• **What the exercise asks**:
Starting at the first line of the records below, reproduce every line up to and including the line with "据文化和旅游部数据中心数据,中秋、国庆假", but leave out all pictures.

• **Given records**:
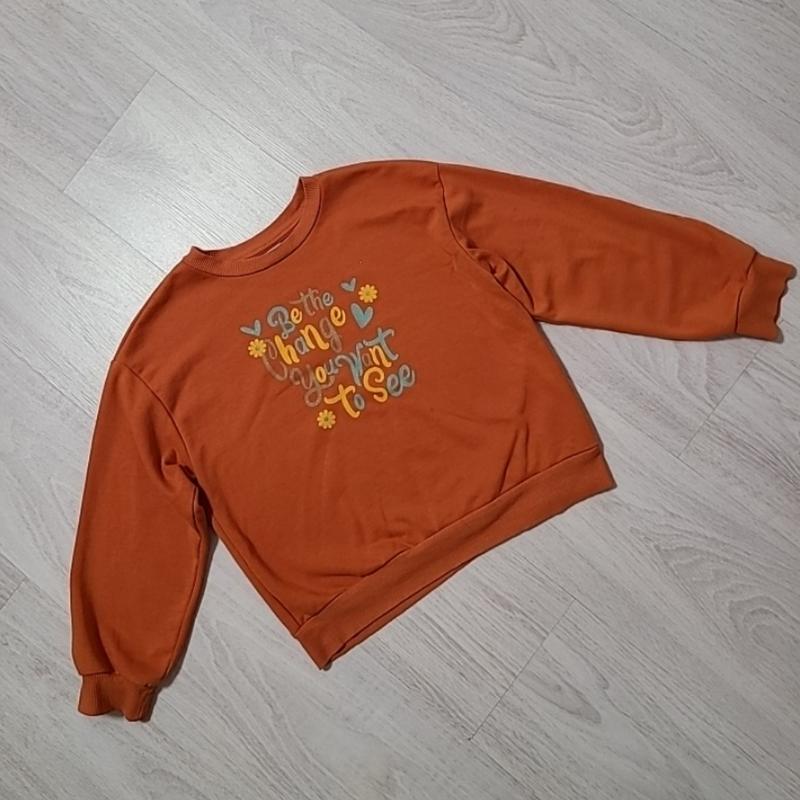 Свитшот для девочки 5/6 лет, рост 128134 см, замеры: плечи 48 см, рукав от плеча 41 см, пог 48 см, длинна 48 см.
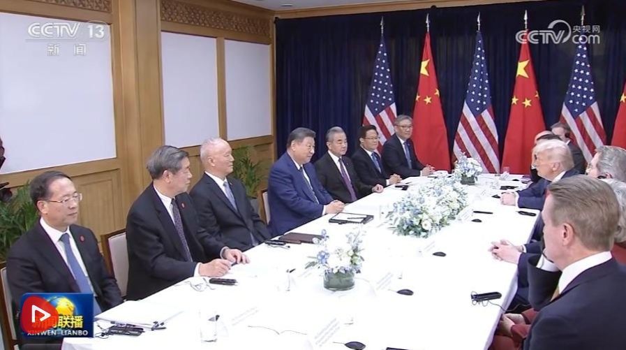 当地时间10月30日,国家主席习近平在釜山同美国总统特朗普举行会晤。
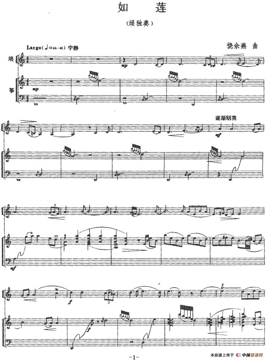 如莲(埙+古筝)相关五线谱
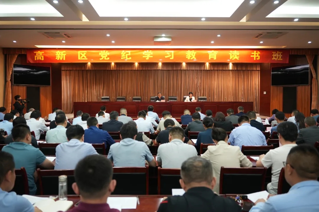 5月10日,高新区举办党纪学习教育读书班,深入学习贯彻习近平总书记关于党纪学习教育的重要讲话和重要指示精神,全面落实党中央决策部署和省委、市委工作要求,认真学习新修订的《中国共产党纪律处分条例》,推动全区党纪学习教育扎实深入开展。区党工委书记、管委会主任姚书华出席开班式并讲话,区党工委副书记、管委会副主任刘春晨主持会议。
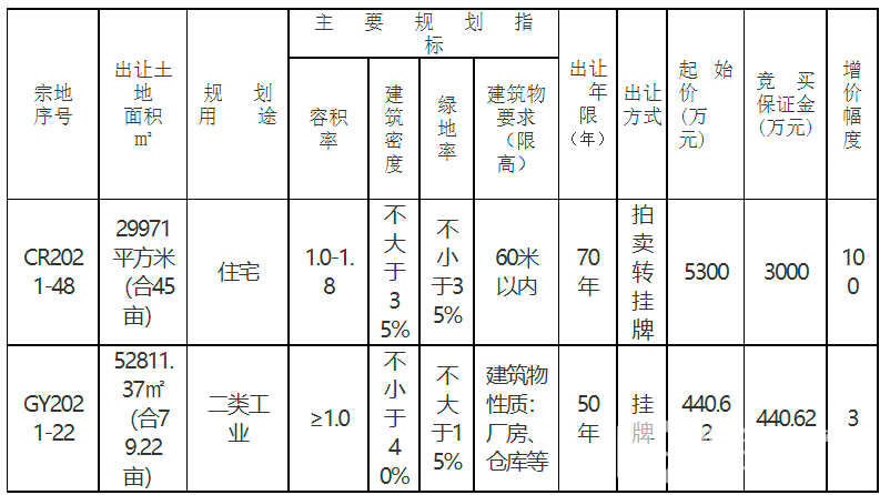 2、CR2021-48号宗地转挂牌报名竞买、缴纳保证金开始时间2022年3月1日8时;截止时间2022年3月10日17时。
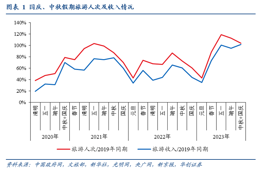 据文化和旅游部数据中心数据,中秋、国庆假期8天,全国国内旅游出游8.26亿人次,按可比口径恢复至2019年同期的104.1%;实现国内旅游收入7534.3亿元,按可比口径较2019年增长1.5%。我们进一步拆分量价,并与前期作对比。
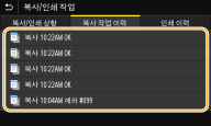 <작업이력 표시>가 <해제>로 설정된 경우 복사 작업 로그를 확인할 수 없습니다. <작업이력 표시>
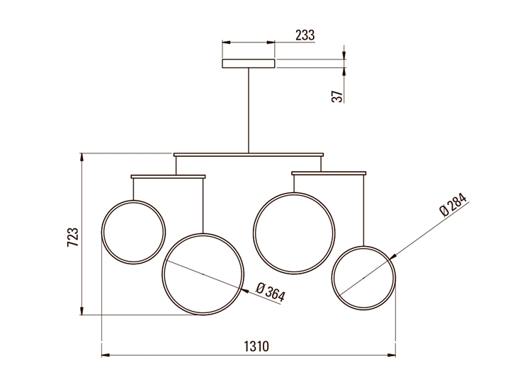 Mål: H72,3 cm x B131 cm, skærme: Ø28,4 cm, Ø36,4 cm
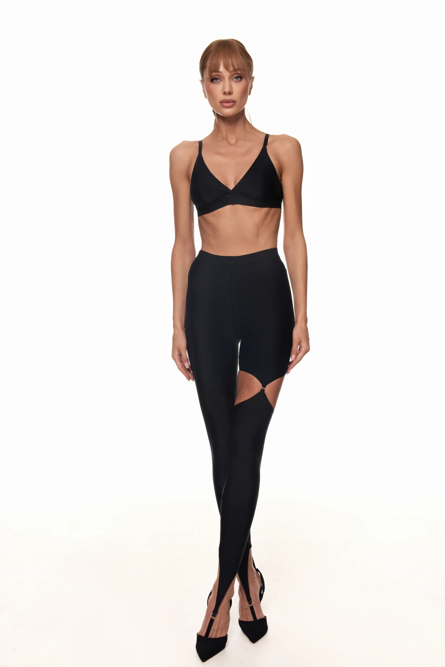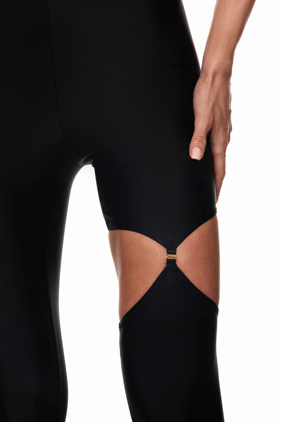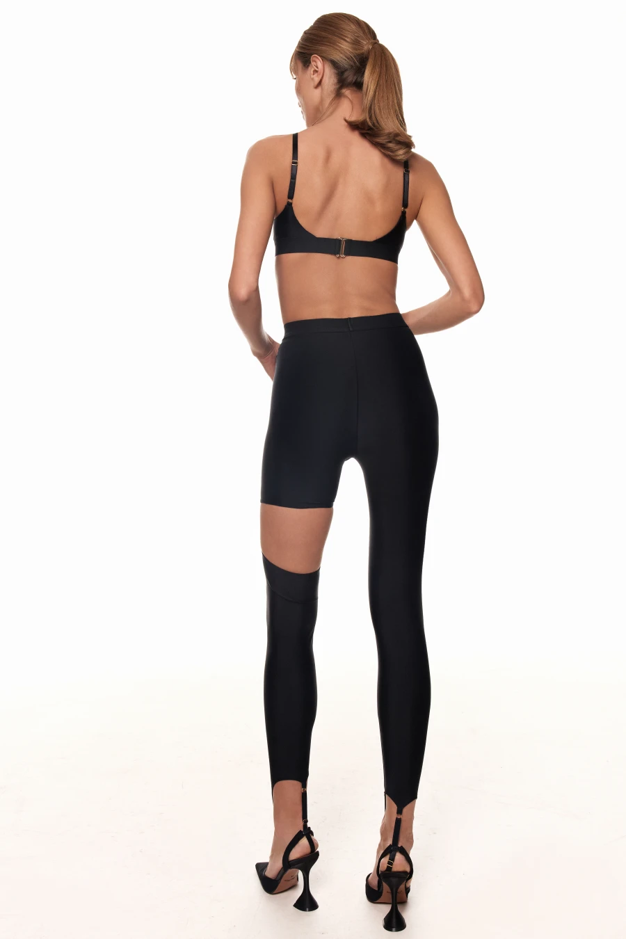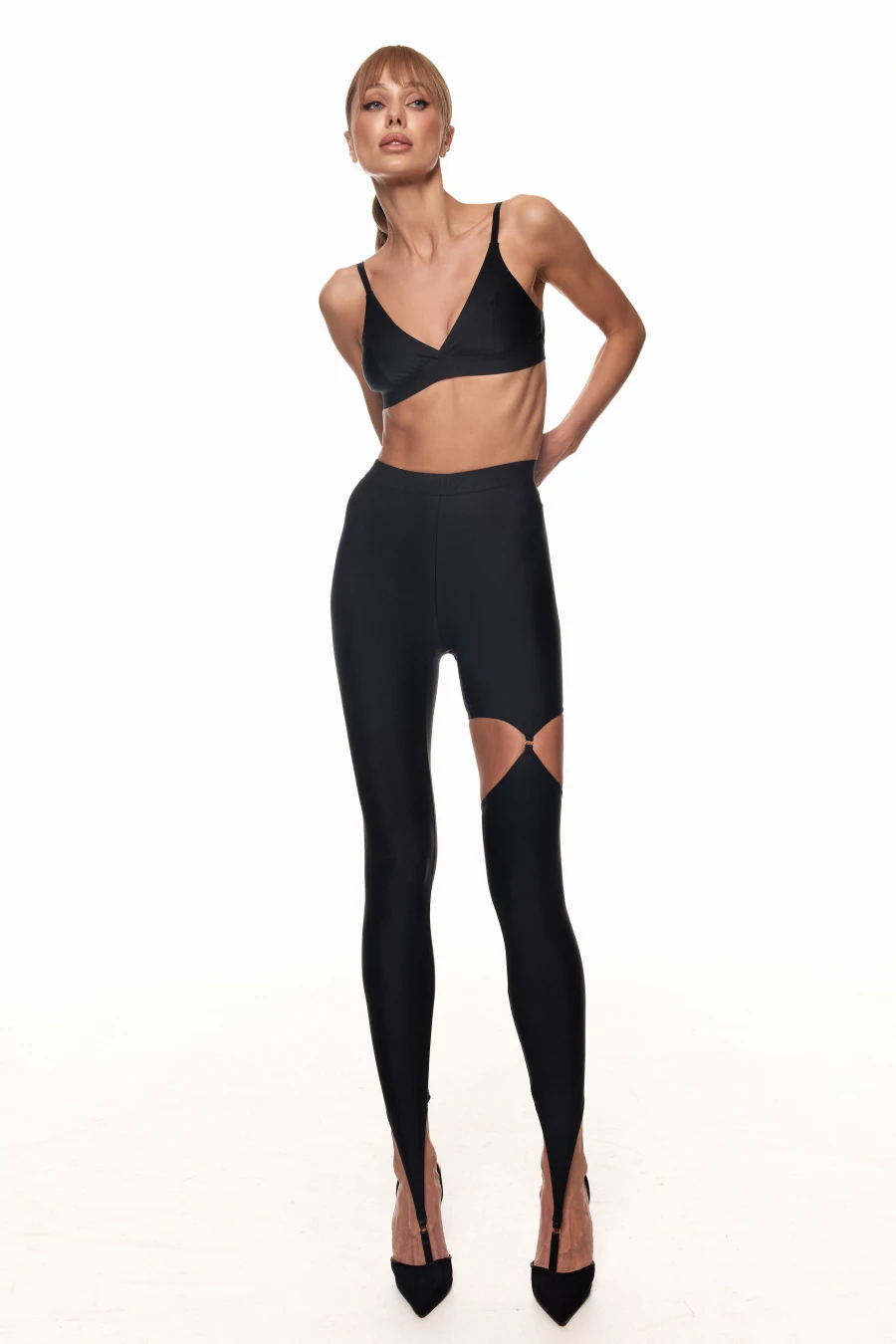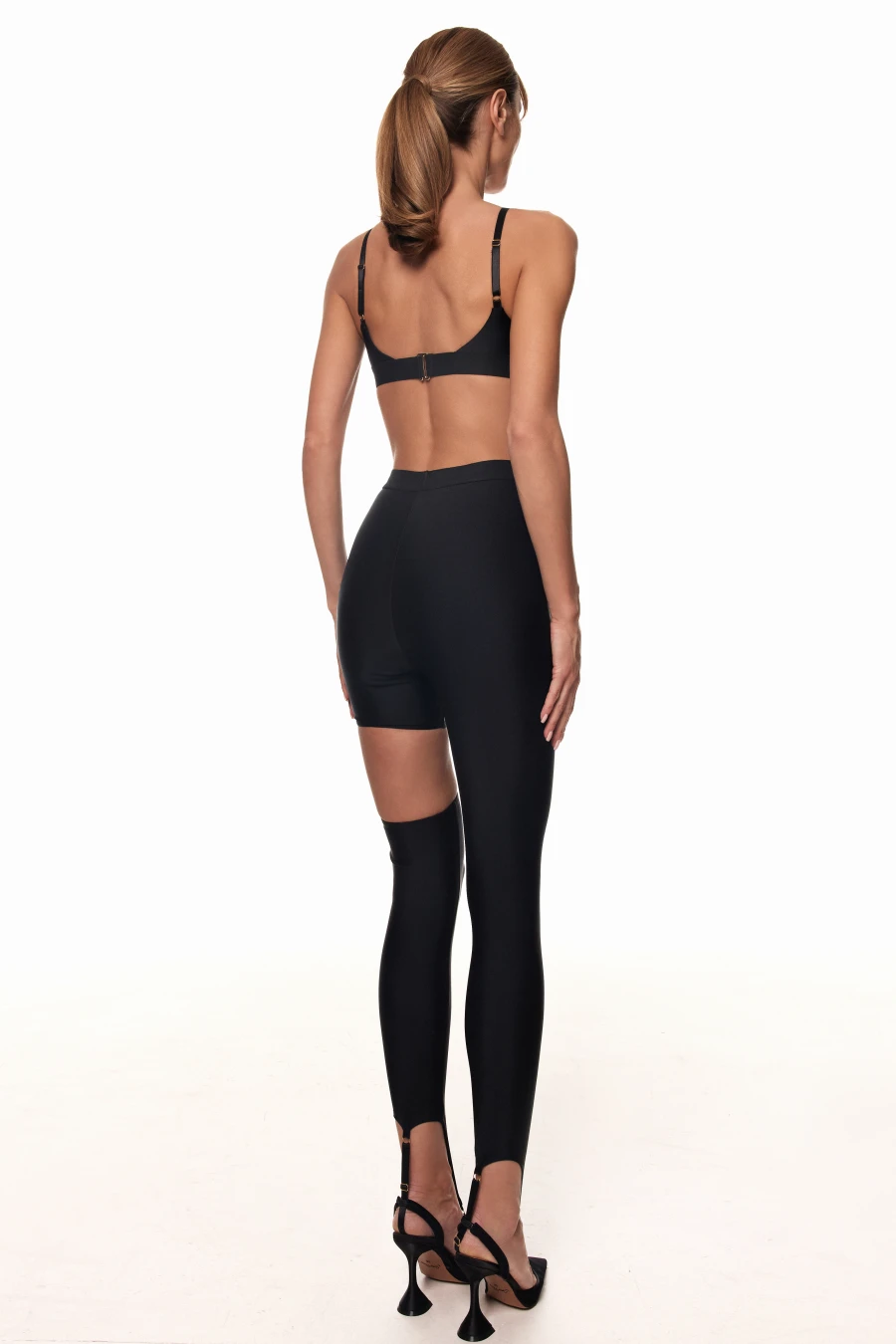 Легінси з напівпрозорої сітки, які візуально подовжують ноги й акцентують талію. Висока посадка з щільним поясом MLN м’яко фіксує лінію талії, а геометрія швів створює ефект «виточеного» силуету. Розріз вище коліна з’єднаний кільцем — деталь, що додає образу сексуальності та настрою вечірнього виходу.

• **Your solution**:
 Свитшот для девочки 5/6 лет, рост 128134 см, замеры: плечи 48 см, рукав от плеча 41 см, пог 48 см, длинна 48 см.
 当地时间10月30日,国家主席习近平在釜山同美国总统特朗普举行会晤。
 如莲(埙+古筝)相关五线谱
 5月10日,高新区举办党纪学习教育读书班,深入学习贯彻习近平总书记关于党纪学习教育的重要讲话和重要指示精神,全面落实党中央决策部署和省委、市委工作要求,认真学习新修订的《中国共产党纪律处分条例》,推动全区党纪学习教育扎实深入开展。区党工委书记、管委会主任姚书华出席开班式并讲话,区党工委副书记、管委会副主任刘春晨主持会议。
 2、CR2021-48号宗地转挂牌报名竞买、缴纳保证金开始时间2022年3月1日8时;截止时间2022年3月10日17时。
 据文化和旅游部数据中心数据,中秋、国庆假期8天,全国国内旅游出游8.26亿人次,按可比口径恢复至2019年同期的104.1%;实现国内旅游收入7534.3亿元,按可比口径较2019年增长1.5%。我们进一步拆分量价,并与前期作对比。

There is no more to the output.